# TASK GOAL
Please retype the entries below word for word, passing over every picture.

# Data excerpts
+-------+
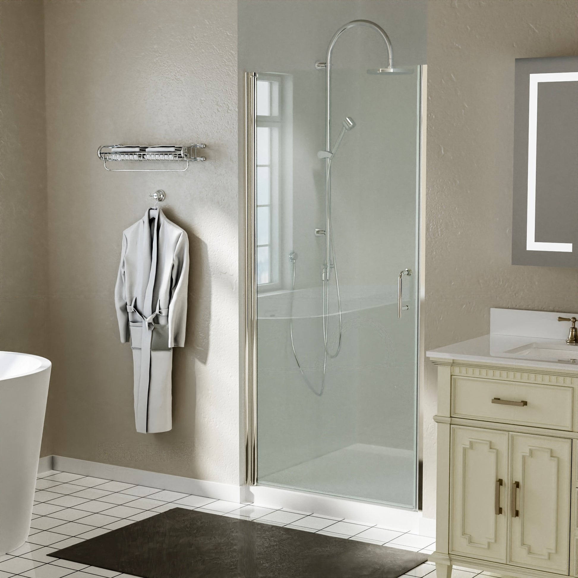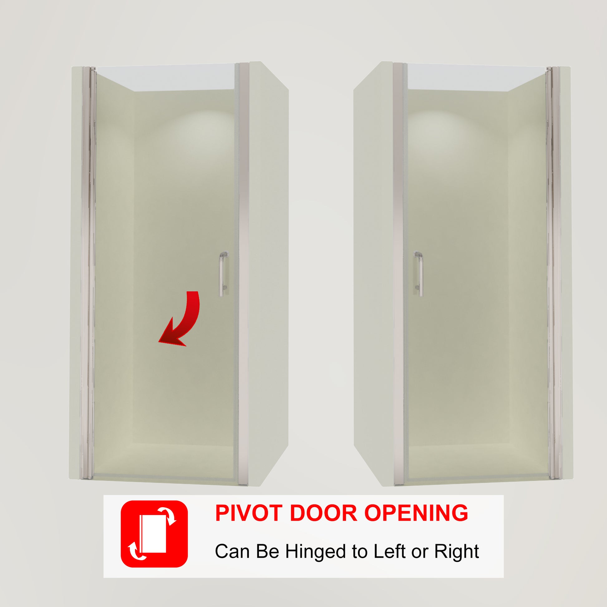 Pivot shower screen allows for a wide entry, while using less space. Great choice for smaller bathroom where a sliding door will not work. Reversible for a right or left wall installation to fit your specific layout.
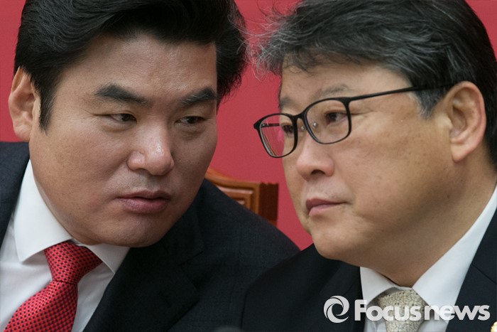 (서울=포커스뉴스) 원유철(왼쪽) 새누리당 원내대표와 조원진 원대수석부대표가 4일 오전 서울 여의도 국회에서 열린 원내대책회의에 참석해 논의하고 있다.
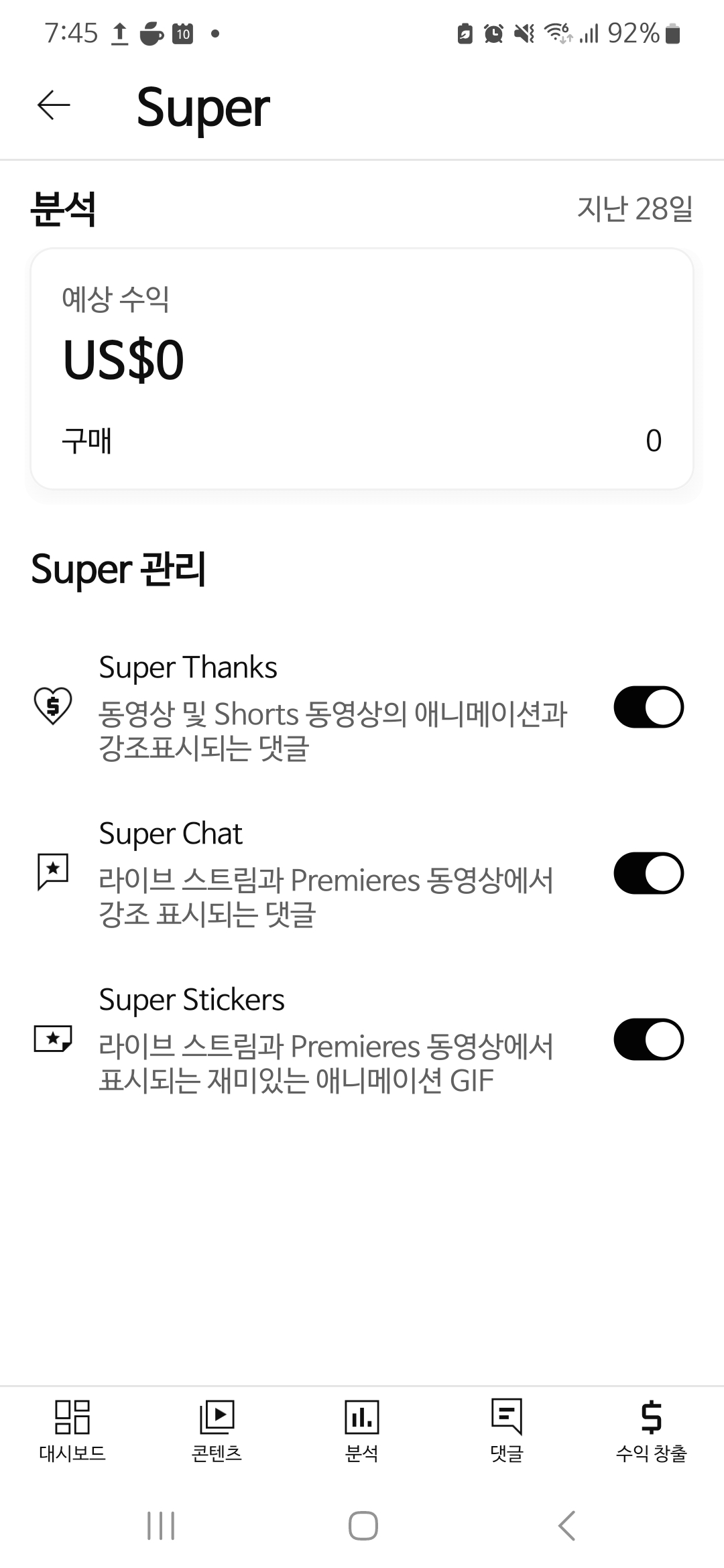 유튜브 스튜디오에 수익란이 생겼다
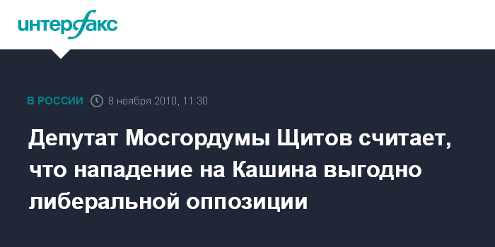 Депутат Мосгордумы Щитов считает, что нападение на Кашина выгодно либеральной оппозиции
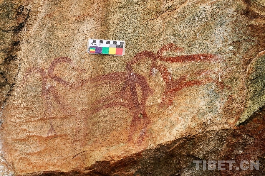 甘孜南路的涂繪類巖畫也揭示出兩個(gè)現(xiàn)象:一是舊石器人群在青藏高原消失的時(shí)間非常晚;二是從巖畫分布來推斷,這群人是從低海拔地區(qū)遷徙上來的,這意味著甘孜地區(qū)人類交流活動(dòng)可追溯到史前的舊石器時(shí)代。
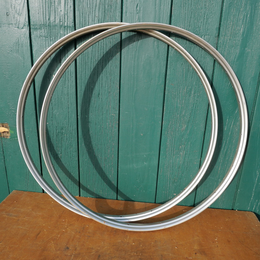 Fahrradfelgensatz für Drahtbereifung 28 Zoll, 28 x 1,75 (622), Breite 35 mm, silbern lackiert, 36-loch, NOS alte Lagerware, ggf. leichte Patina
+-------+
# WORKED SOLUTION
 Pivot shower screen allows for a wide entry, while using less space. Great choice for smaller bathroom where a sliding door will not work. Reversible for a right or left wall installation to fit your specific layout.
 (서울=포커스뉴스) 원유철(왼쪽) 새누리당 원내대표와 조원진 원대수석부대표가 4일 오전 서울 여의도 국회에서 열린 원내대책회의에 참석해 논의하고 있다.
 유튜브 스튜디오에 수익란이 생겼다
 Депутат Мосгордумы Щитов считает, что нападение на Кашина выгодно либеральной оппозиции
 甘孜南路的涂繪類巖畫也揭示出兩個(gè)現(xiàn)象:一是舊石器人群在青藏高原消失的時(shí)間非常晚;二是從巖畫分布來推斷,這群人是從低海拔地區(qū)遷徙上來的,這意味著甘孜地區(qū)人類交流活動(dòng)可追溯到史前的舊石器時(shí)代。
 Fahrradfelgensatz für Drahtbereifung 28 Zoll, 28 x 1,75 (622), Breite 35 mm, silbern lackiert, 36-loch, NOS alte Lagerware, ggf. leichte Patina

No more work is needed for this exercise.